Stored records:
* * * * *

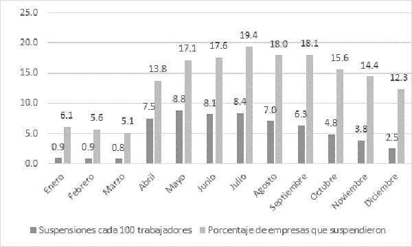 Como se aprecia en el gráfico 2, las suspensiones crecieron desde el inicio de la pandemia y comienza a bajar en el mes de agosto, aunque no regrese a los niveles previos. Así se pasó de un 0,8 % en marzo a superar el 8 % en mayo, y recién en agosto habrá una leve y paulatina caída hasta el 2,5 % de diciembre. Una trayectoria similar sigue el porcentaje de empresas que suspendieron trabajadores. Este porcentaje era del 5,1 % en marzo, que crece hasta alcanzar un pico de 19,4 % en julio y luego desciende hasta un 12,3 % en diciembre, el cual duplica el nivel de marzo.
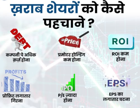 खराब शेयरों (Bad Stocks) की पहचान करने के लिए आपको कंपनी के वित्तीय आंकड़ों, प्रबंधन और बाजार के रुझानों का विश्लेषण करना चाहिए। यहाँ कुछ प्रमुख संकेत (Red Flags) दिए गए हैं जो एक खराब शेयर की ओर इशारा करते हैं:
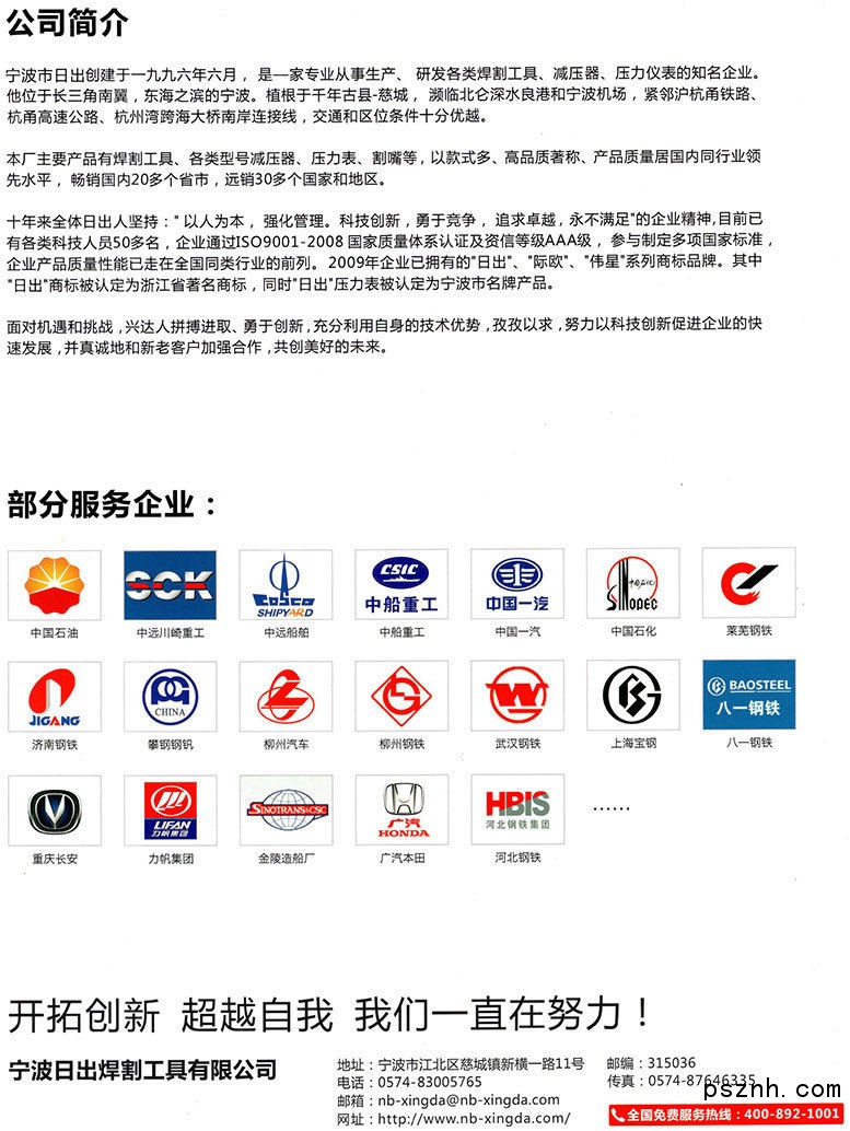 寧波市江北興達(dá)焊割減壓儀表廠 焊割工具、減壓器、壓力表、割嘴
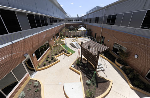The $192million 32,000m2 building is over 2 ½ levels with helicopter roof pad access. The Tertiary Mental Health consists of 2 new buildings, a 145 bed acute unit and 90 bed secure/forensic unit) and refurbishment of 2 existing heritage buildings.
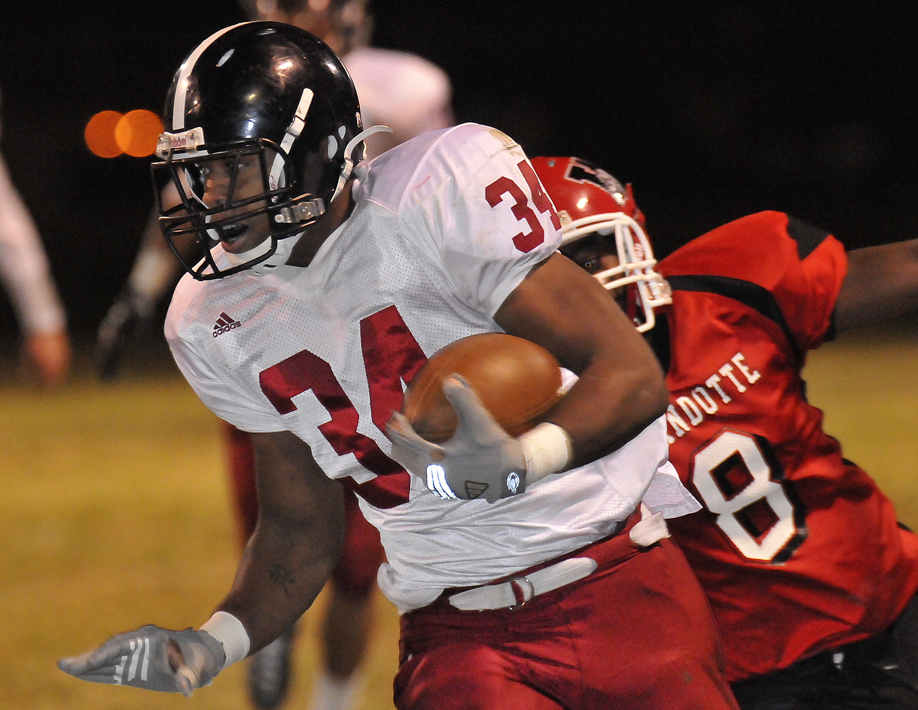 Lawrence High's Tyrone Jenkins (34) fights for extra yards in the first half against Wyandotte on Friday, Oct. 19, 2012, in Kansas City, Kan.
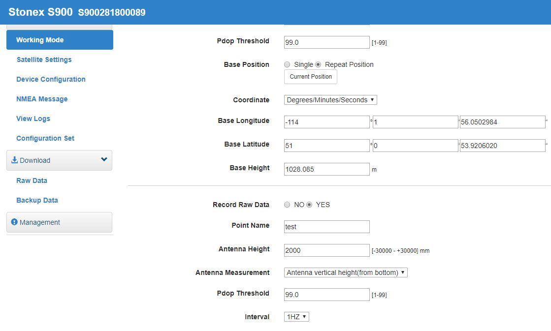 Settings >> Working Mode. For our S900 base receiver, we can select to
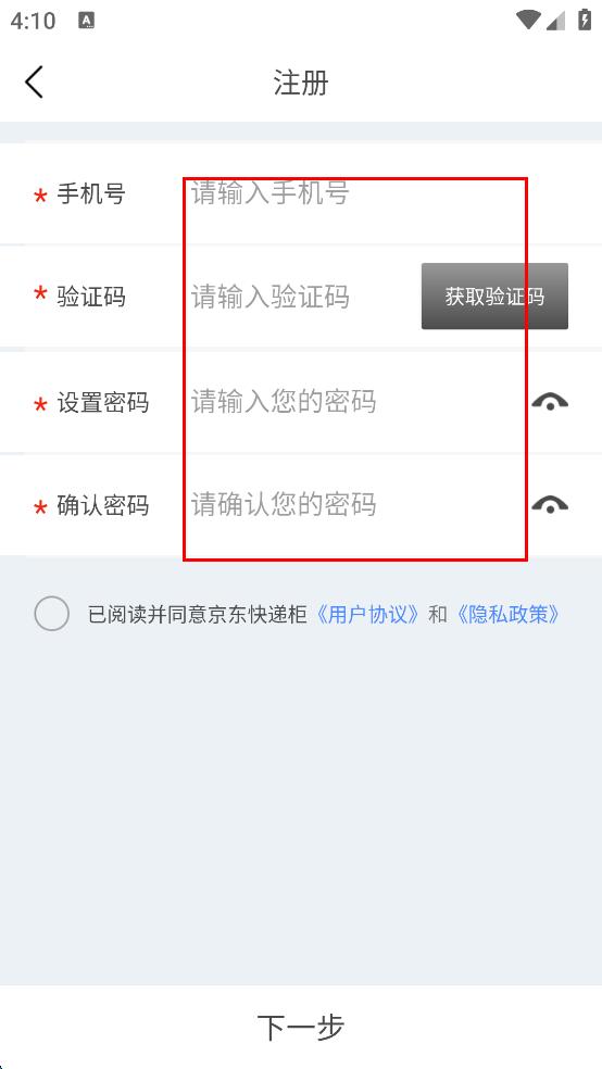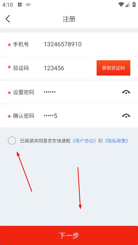 4、確認(rèn)手機(jī)號(hào)、驗(yàn)證碼、密碼輸入無(wú)誤,且勾選已閱讀并同意京東快遞柜用戶協(xié)議和隱私政策后,點(diǎn)擊下一步按鈕,繼續(xù)后續(xù)注冊(cè)流程。
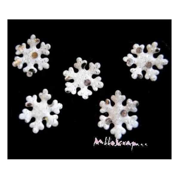 Description de Appliques petits flocons de neige tissu blanc – 5 pièces
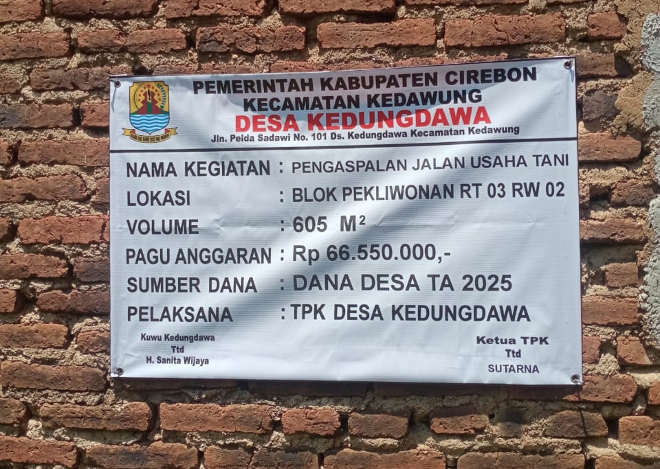 Pekerjaan pengaspalan jalan usaha tani di Desa Kedungdawa, Kecamatan Kedawung, Kabupaten Cirebon, masih menuai sorotan tajam. Proyek dengan panjang 605 meter dan menelan anggaran sebesar Rp66.550.000 yang bersumber dari Dana Desa (DD) Tahun Anggaran 2025 itu diduga tidak transparan dan tidak melibatkan masyarakat setempat.

* * * * *

**EXERCISE DIRECTIONS:**
Write out nothing but the lines from the start of the data through the line with "खराब शेयरों (Bad". Leave out the pictures.

**WRITTEN SOLUTION:**
 Como se aprecia en el gráfico 2, las suspensiones crecieron desde el inicio de la pandemia y comienza a bajar en el mes de agosto, aunque no regrese a los niveles previos. Así se pasó de un 0,8 % en marzo a superar el 8 % en mayo, y recién en agosto habrá una leve y paulatina caída hasta el 2,5 % de diciembre. Una trayectoria similar sigue el porcentaje de empresas que suspendieron trabajadores. Este porcentaje era del 5,1 % en marzo, que crece hasta alcanzar un pico de 19,4 % en julio y luego desciende hasta un 12,3 % en diciembre, el cual duplica el nivel de marzo.
 खराब शेयरों (Bad Stocks) की पहचान करने के लिए आपको कंपनी के वित्तीय आंकड़ों, प्रबंधन और बाजार के रुझानों का विश्लेषण करना चाहिए। यहाँ कुछ प्रमुख संकेत (Red Flags) दिए गए हैं जो एक खराब शेयर की ओर इशारा करते हैं:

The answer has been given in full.